WORK TO BE COMPLETED |
Nothing but the lines from the one with "Ross Turnbull (Henrique" down to the one with "外黑内荧光蓝框 彩膜 徒步旅行者促销礼品太阳镜 | 90000" should be returned, exactly and with both ends included, from the material below.

DATA IN THIS EXERCISE |
>>>>
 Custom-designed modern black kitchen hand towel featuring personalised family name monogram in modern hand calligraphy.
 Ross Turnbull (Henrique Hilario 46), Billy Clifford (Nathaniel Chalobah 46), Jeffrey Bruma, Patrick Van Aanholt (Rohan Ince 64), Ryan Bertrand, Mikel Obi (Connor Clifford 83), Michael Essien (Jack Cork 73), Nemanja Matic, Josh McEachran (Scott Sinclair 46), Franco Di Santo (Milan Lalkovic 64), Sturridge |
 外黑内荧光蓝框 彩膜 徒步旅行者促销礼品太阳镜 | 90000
<<<<
>>>>
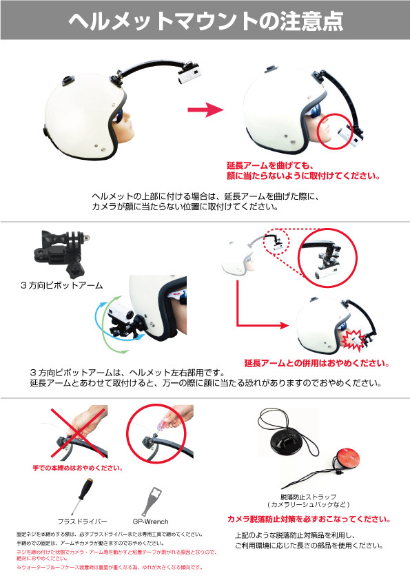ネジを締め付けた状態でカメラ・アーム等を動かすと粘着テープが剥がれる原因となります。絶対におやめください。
<<<<
>>>>
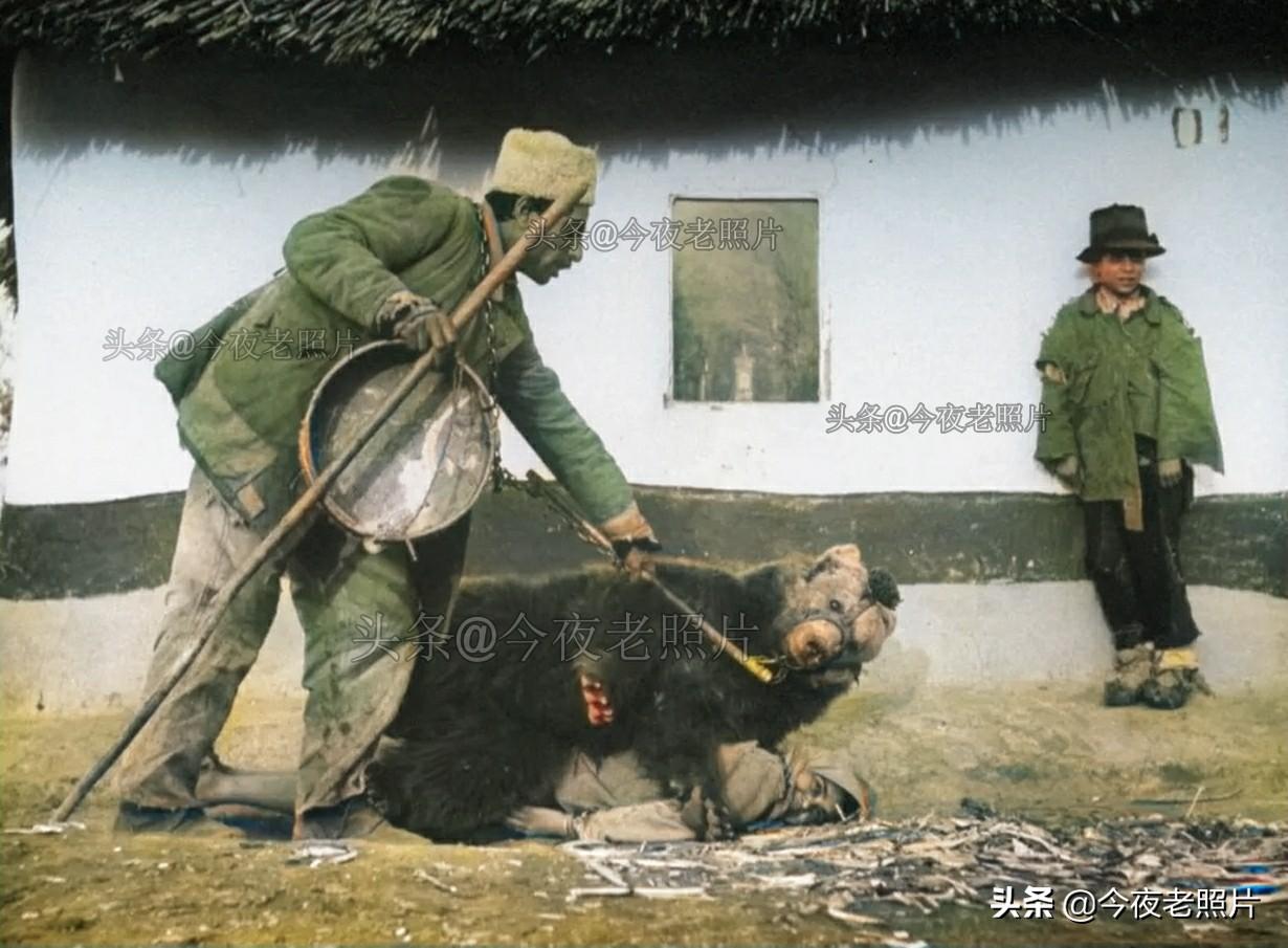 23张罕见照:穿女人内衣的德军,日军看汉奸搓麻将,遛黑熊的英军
<<<<
RESPONSE TO THIS EXERCISE |
 Ross Turnbull (Henrique Hilario 46), Billy Clifford (Nathaniel Chalobah 46), Jeffrey Bruma, Patrick Van Aanholt (Rohan Ince 64), Ryan Bertrand, Mikel Obi (Connor Clifford 83), Michael Essien (Jack Cork 73), Nemanja Matic, Josh McEachran (Scott Sinclair 46), Franco Di Santo (Milan Lalkovic 64), Sturridge |
 外黑内荧光蓝框 彩膜 徒步旅行者促销礼品太阳镜 | 90000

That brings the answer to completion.